§ DATA RECORDS:
▬▬▬
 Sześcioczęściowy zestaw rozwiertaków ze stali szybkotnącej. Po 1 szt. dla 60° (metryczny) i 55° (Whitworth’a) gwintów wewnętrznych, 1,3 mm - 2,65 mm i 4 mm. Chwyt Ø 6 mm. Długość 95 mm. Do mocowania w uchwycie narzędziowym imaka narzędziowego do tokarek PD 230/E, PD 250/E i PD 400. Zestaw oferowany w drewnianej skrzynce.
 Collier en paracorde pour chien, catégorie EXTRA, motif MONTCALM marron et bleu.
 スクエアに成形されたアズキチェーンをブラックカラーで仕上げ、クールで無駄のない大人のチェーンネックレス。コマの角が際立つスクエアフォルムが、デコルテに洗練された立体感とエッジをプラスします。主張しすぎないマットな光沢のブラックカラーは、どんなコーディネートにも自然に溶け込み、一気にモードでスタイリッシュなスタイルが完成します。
▬▬▬
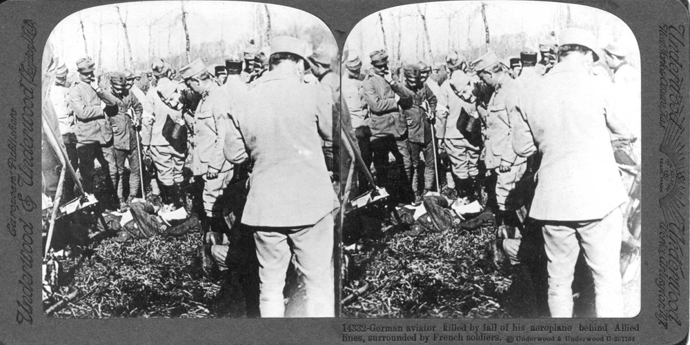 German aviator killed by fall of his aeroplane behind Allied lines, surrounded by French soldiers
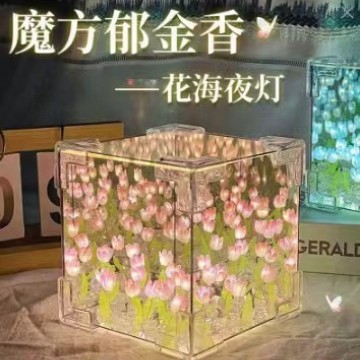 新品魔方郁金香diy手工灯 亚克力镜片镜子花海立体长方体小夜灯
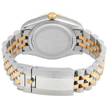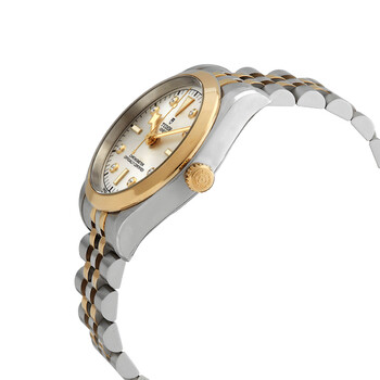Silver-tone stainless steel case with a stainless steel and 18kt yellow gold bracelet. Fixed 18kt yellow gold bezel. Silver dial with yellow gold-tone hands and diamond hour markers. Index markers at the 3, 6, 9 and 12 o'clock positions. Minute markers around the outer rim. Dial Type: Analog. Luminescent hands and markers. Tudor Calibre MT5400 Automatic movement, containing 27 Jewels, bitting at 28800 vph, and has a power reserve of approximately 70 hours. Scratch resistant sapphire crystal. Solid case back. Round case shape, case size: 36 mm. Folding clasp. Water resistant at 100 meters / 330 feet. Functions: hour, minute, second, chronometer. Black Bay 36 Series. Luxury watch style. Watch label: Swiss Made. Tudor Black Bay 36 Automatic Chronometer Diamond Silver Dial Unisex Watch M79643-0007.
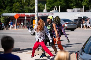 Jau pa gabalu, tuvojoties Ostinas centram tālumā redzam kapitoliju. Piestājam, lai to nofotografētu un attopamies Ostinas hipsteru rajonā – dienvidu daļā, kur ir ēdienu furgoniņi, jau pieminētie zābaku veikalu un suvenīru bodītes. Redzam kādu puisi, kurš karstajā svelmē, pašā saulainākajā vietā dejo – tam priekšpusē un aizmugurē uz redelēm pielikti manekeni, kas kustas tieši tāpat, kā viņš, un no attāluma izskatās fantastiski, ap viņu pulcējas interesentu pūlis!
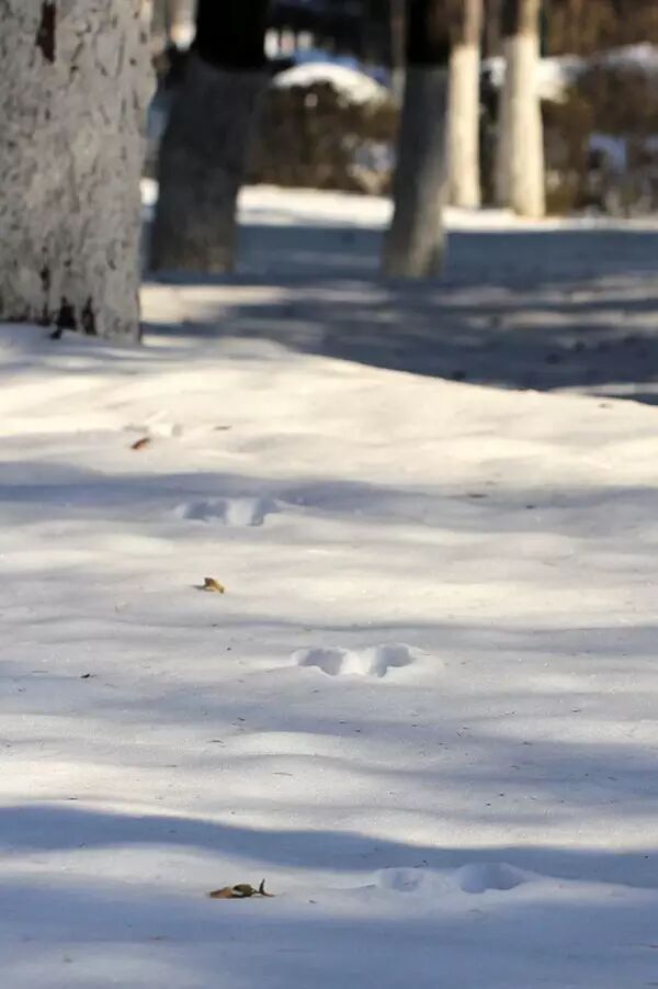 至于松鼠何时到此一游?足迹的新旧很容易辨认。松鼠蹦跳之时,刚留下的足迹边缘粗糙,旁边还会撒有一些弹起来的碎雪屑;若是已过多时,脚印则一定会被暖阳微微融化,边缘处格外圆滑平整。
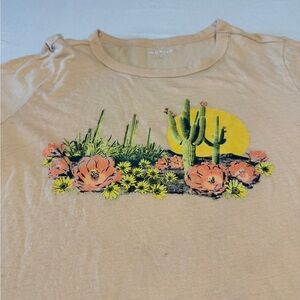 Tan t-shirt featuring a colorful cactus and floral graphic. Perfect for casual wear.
▬▬▬
§ PROBLEM STATEMENT:
In the listing above, find the line with "German aviator killed" and the line with "Tan t-shirt featuring". Output both, plus every line between them, and no pictures.

§ YOUR SOLUTION:
 German aviator killed by fall of his aeroplane behind Allied lines, surrounded by French soldiers
 新品魔方郁金香diy手工灯 亚克力镜片镜子花海立体长方体小夜灯
Silver-tone stainless steel case with a stainless steel and 18kt yellow gold bracelet. Fixed 18kt yellow gold bezel. Silver dial with yellow gold-tone hands and diamond hour markers. Index markers at the 3, 6, 9 and 12 o'clock positions. Minute markers around the outer rim. Dial Type: Analog. Luminescent hands and markers. Tudor Calibre MT5400 Automatic movement, containing 27 Jewels, bitting at 28800 vph, and has a power reserve of approximately 70 hours. Scratch resistant sapphire crystal. Solid case back. Round case shape, case size: 36 mm. Folding clasp. Water resistant at 100 meters / 330 feet. Functions: hour, minute, second, chronometer. Black Bay 36 Series. Luxury watch style. Watch label: Swiss Made. Tudor Black Bay 36 Automatic Chronometer Diamond Silver Dial Unisex Watch M79643-0007.
 Jau pa gabalu, tuvojoties Ostinas centram tālumā redzam kapitoliju. Piestājam, lai to nofotografētu un attopamies Ostinas hipsteru rajonā – dienvidu daļā, kur ir ēdienu furgoniņi, jau pieminētie zābaku veikalu un suvenīru bodītes. Redzam kādu puisi, kurš karstajā svelmē, pašā saulainākajā vietā dejo – tam priekšpusē un aizmugurē uz redelēm pielikti manekeni, kas kustas tieši tāpat, kā viņš, un no attāluma izskatās fantastiski, ap viņu pulcējas interesentu pūlis!
 至于松鼠何时到此一游?足迹的新旧很容易辨认。松鼠蹦跳之时,刚留下的足迹边缘粗糙,旁边还会撒有一些弹起来的碎雪屑;若是已过多时,脚印则一定会被暖阳微微融化,边缘处格外圆滑平整。
 Tan t-shirt featuring a colorful cactus and floral graphic. Perfect for casual wear.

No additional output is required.